2.2. Drug preparation and treatment

Paclitaxel (Sigma-Aldrich) was prepared in the semi-dark by dissolving powder in 100% DMSO and filtered to obtain a stock solution of 58.4 mM. Control wells were treated with 0.17% final concentration of DMSO to match drug treatments. Cisplatin (Sigma-Aldrich) was prepared in the semi-dark by dissolving powder in 100% DMSO and filtered to obtain a stock solution of 20 mM. Control wells were treated with 0.2% final concentration of DMSO to match drug treatment. Vincristine (Sigma-Aldrich) was prepared on ice in the dark by dissolving powder in cold PBS and filtered to obtain a stock solution of 100 mM. Vincristine stocks were each diluted independently then added into the media and onto the cells before proceeding to the next dilution. All stock drugs were serially diluted in media for a final dosing concentrations ranging from 0.01 µM to 100 µM, increasing by factors of ten. Cells were plated and 4 hours later treated with increasing concentrations of drug for 72 h.

2.3. High content imaging and neurite outgrowth analysis

After drug treatments of 72 h, neurons were stained for 15 min at 37°C with 1 µg/mL Hoechst 33342 (Sigma-Aldrich) and 2 µg/mL Calcein AM (Molecular Probes, Life Technologies Inc., Carlsbad, CA, USA) then washed twice using dPBS without calcium or magnesium (LifeTechnologies). Imaging was performed at 10× magnification using an ImageXpress Micro (Molecular Devices, LLC, Sunnyvale, CA, USA) at the University of Chicago Cellular Screening Core. Individual cell measurements of total neurite outgrowth (sum of the length of all processes), number of processes and number of branches were calculated using the MetaXpress software Neurite Outgrowth Application Module (Molecular Devices, LLC). At least 500 cells per dose were quantified in triplicate for three independent experiments.

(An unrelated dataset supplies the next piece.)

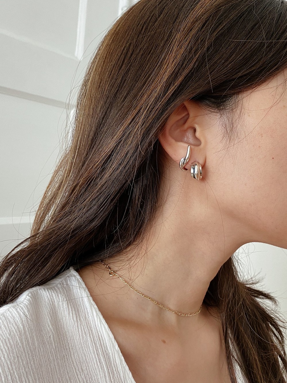 바다속에 둥둥 떠있을때에 부드럽게 자신을 올려주는 파도에서 영감을 받은 귀걸이 입니다. 가운데에 볼륨감이 돋보입니다. 작지만 볼드한 매력이 있는 디자인으로, 볼드한 디자인을 시도해보기에 부담스럽지 않게 만들어졌습니다. 캐주얼하게도 포멀하게도 다양하게 활용하실 수 있습니다.

2.4. Nucleic acid isolation

At each time point, DNA was extracted by adding 50 µl per well of tissue digestion buffer (100 mM NaCl, 50 mM Tris 8.0, 100 mM EDTA, 1% SDS) along with 2 mg/ml Proteinase K (Denville Scientific; South Plainfield, NJ, USA). The plate was sealed with parafilm and agitated overnight at 55°C using 200 RPM in an Innova orbital shaker (Eppendorf; Enfield, CT). The digested cells from each well were combined and DNA extracted with equal volume of phenol: chloroform (Invitrogen), vortexing for 10 minutes (Lab Vortex-setting of 4) and the samples were centrifuged for 5 minutes at 14,000 g. The aqueous phase was collected, extracted with equal volume of chloroform and repeated two times. The DNA was precipitated with equal volume 100% ethanol and centrifuged for 10 minutes at 14,000 g. Two washes with 70% ethanol produced a pellet that was air dried for 10 minutes at room temperature and finally dissolved in 50 µL of 10 mM Tris (pH 8.0) for 3 days at 4°C then stored at −80°C.

RNA isolation was performed after removal of media and addition of 50µL Qiazol per well plate for 5 minutes at room temperature to lyse cells. After vigorously pipetting each well several times, each batch was collected and stored for further processing at −80°C. When all the time points had been collected, the RNA was purified using the Ambion RNA protocol (15596026.PPS), substituting Qiazol as the lysing reagent after consulting with the company. The final pellet was resuspended in 50 µl of RNase-free water, dissolved at 55°C for 10 minutes, aliquoted, and stored at −80°C.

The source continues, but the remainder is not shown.